## Work instruction
Give the data again exactly, without its images.

## Data segment

- - -

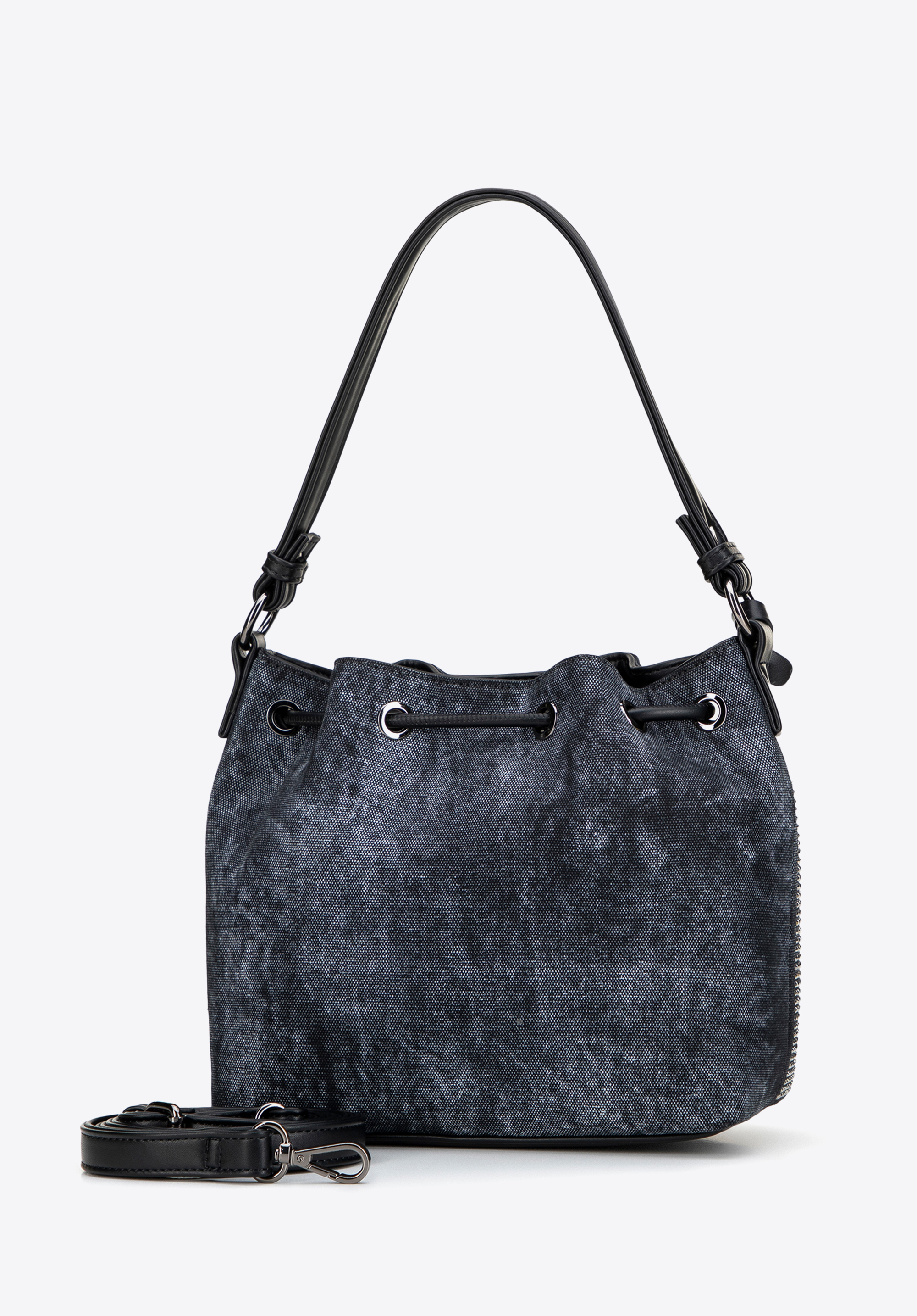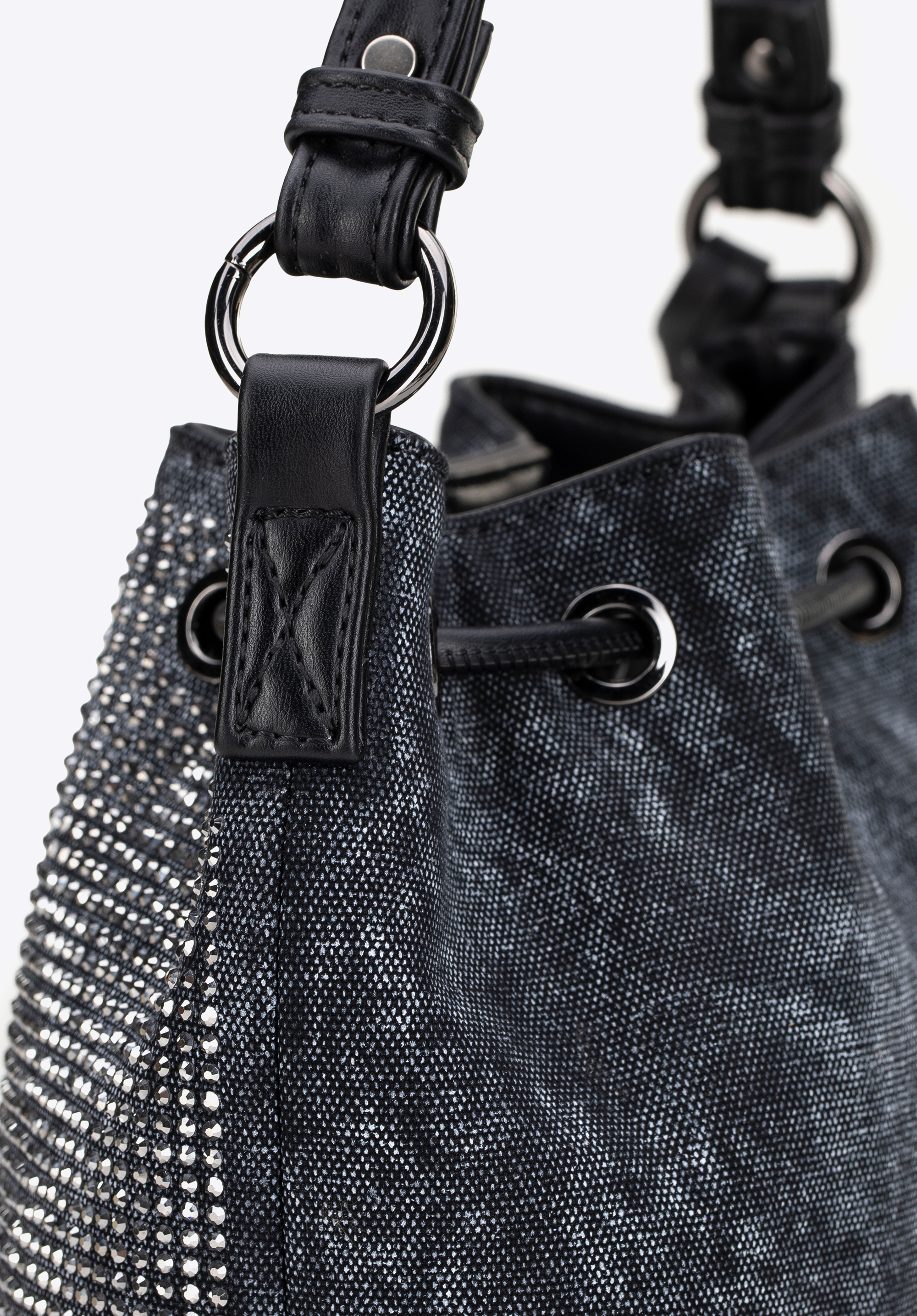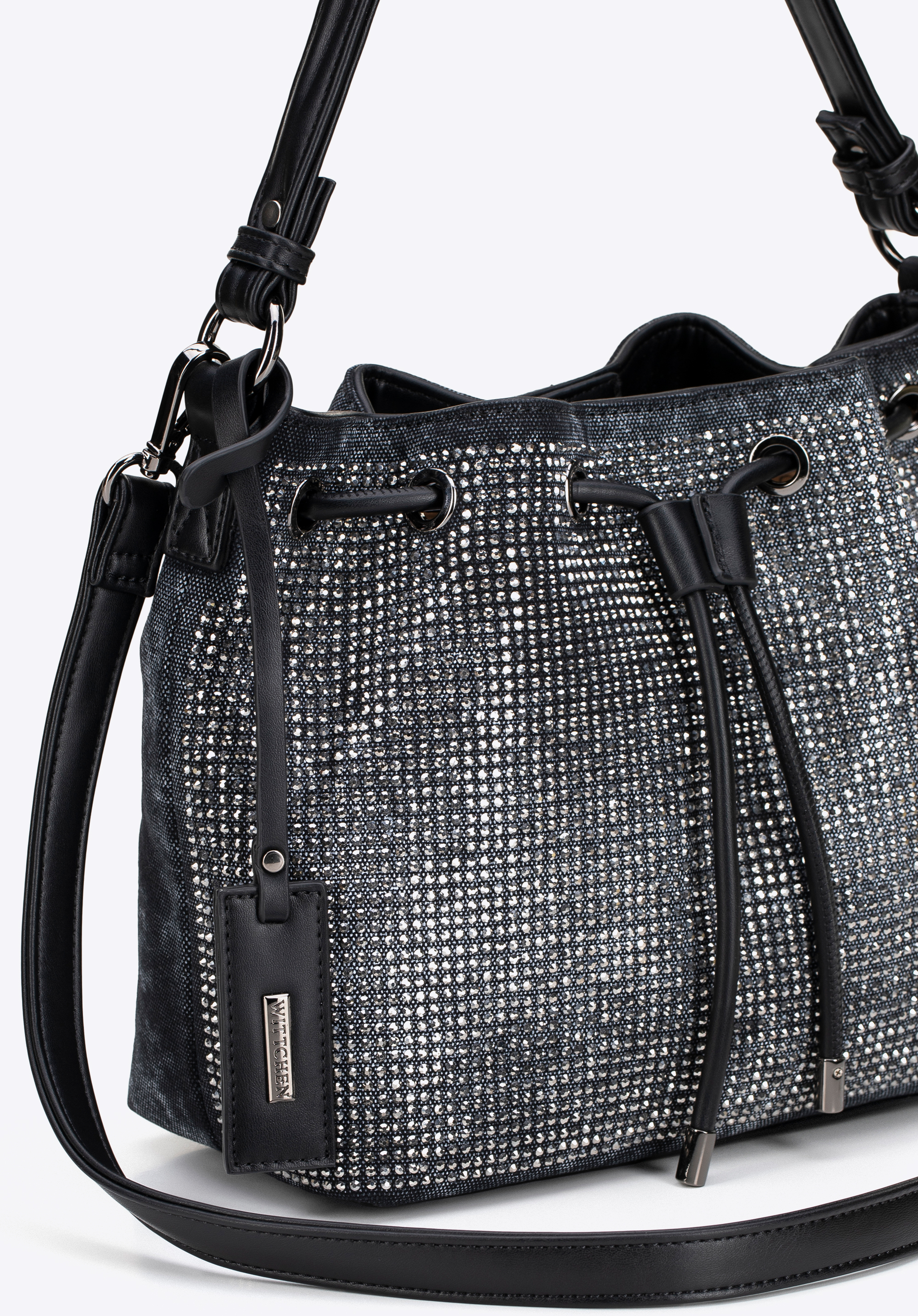 Оберіть сумочку, яка поєднує практичність з ніжним блиском. Виготовлена з бавовни з акцентами зі штучної шкіри на ручці, ремінці, шнурках, основі та оздобленні , вона може похвалитися стилем та сучасним виглядом. Застібка на шнурку та магнітна кнопка надійно зберігають ваші речі, а декоративна знімна китиця додає елегантності та дозволяє легко змінювати стиль. Ніжні стрази спереду додають блиску.
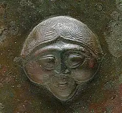Las caras están en su mayor parte redondeadas para llenar un espacio circular, y muchas pretenden ser femeninas. Carecen de barbas, y algunas figuras enteras son claramente femeninas, sentadas con las piernas abiertas mostrando una vulva, quizá mostrada dando a luz; en otros alfileres esto está claro. Estas piezas eran, presumiblemente, exvotos para la fertilidad. Los ojos a veces están incrustados en blanco, con un punto negro representando la pupila. La cabeza puede ocupar la mayor parte del disco, o ser pequeña, en el centro de un ancho borde con otros temas. Otros diseños presentan un amplio abanico de temas, con algunos motivos puramente decorativos, y otros presentan algunas escenas complejas, principalmente religiosas, con muchas figuras ("demonios de apariencia extraña y animales aparentemente involucrados en actividades de un culto y mitológicas", como las describe Muscarella).[39]
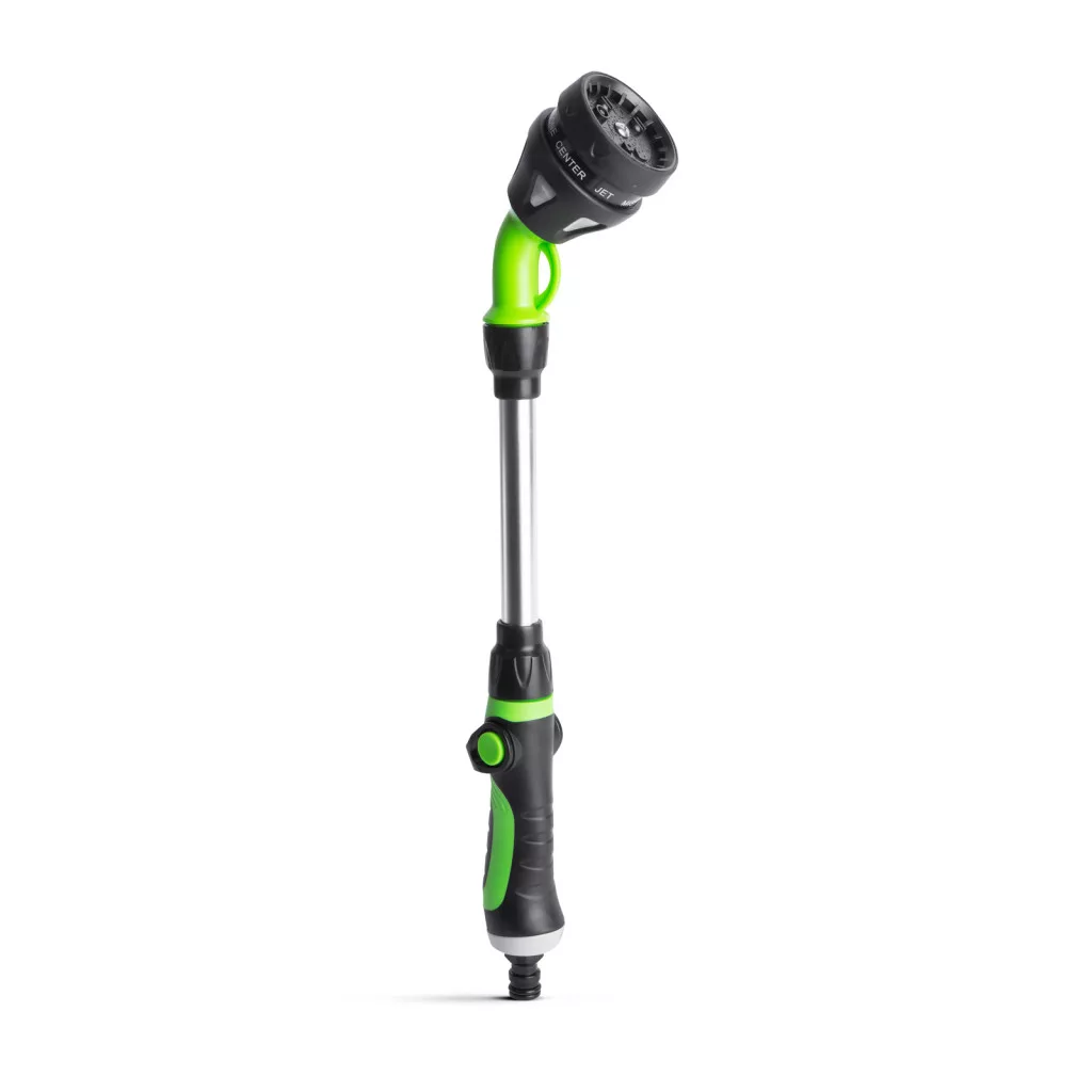 Locsoló pisztoly hosszú fém nyéllel, amely lehetővé teszi, hogy akár magasban vagy bokrok alá benyújtva célzottan juttassa el a vizet a növények számára. 8 db locsolási funkcióval rendelkezik, így garantáltan megtalálja az Önnek szükséges vízsugarat, legyen szó porlasztásról vagy vékony vízsugárról. A gyorscsatlakozó kuplung segítségével könnyen hordozható egyik öntözőtömlő végéről a másikra. A markolaton található szabályzó karnak köszönhetően fokozatmentesen állíthatja be, hogy mennyi vízre van szüksége.

- - -

## Answer for the task
 Оберіть сумочку, яка поєднує практичність з ніжним блиском. Виготовлена з бавовни з акцентами зі штучної шкіри на ручці, ремінці, шнурках, основі та оздобленні , вона може похвалитися стилем та сучасним виглядом. Застібка на шнурку та магнітна кнопка надійно зберігають ваші речі, а декоративна знімна китиця додає елегантності та дозволяє легко змінювати стиль. Ніжні стрази спереду додають блиску.
Las caras están en su mayor parte redondeadas para llenar un espacio circular, y muchas pretenden ser femeninas. Carecen de barbas, y algunas figuras enteras son claramente femeninas, sentadas con las piernas abiertas mostrando una vulva, quizá mostrada dando a luz; en otros alfileres esto está claro. Estas piezas eran, presumiblemente, exvotos para la fertilidad. Los ojos a veces están incrustados en blanco, con un punto negro representando la pupila. La cabeza puede ocupar la mayor parte del disco, o ser pequeña, en el centro de un ancho borde con otros temas. Otros diseños presentan un amplio abanico de temas, con algunos motivos puramente decorativos, y otros presentan algunas escenas complejas, principalmente religiosas, con muchas figuras ("demonios de apariencia extraña y animales aparentemente involucrados en actividades de un culto y mitológicas", como las describe Muscarella).[39]
 Locsoló pisztoly hosszú fém nyéllel, amely lehetővé teszi, hogy akár magasban vagy bokrok alá benyújtva célzottan juttassa el a vizet a növények számára. 8 db locsolási funkcióval rendelkezik, így garantáltan megtalálja az Önnek szükséges vízsugarat, legyen szó porlasztásról vagy vékony vízsugárról. A gyorscsatlakozó kuplung segítségével könnyen hordozható egyik öntözőtömlő végéről a másikra. A markolaton található szabályzó karnak köszönhetően fokozatmentesen állíthatja be, hogy mennyi vízre van szüksége.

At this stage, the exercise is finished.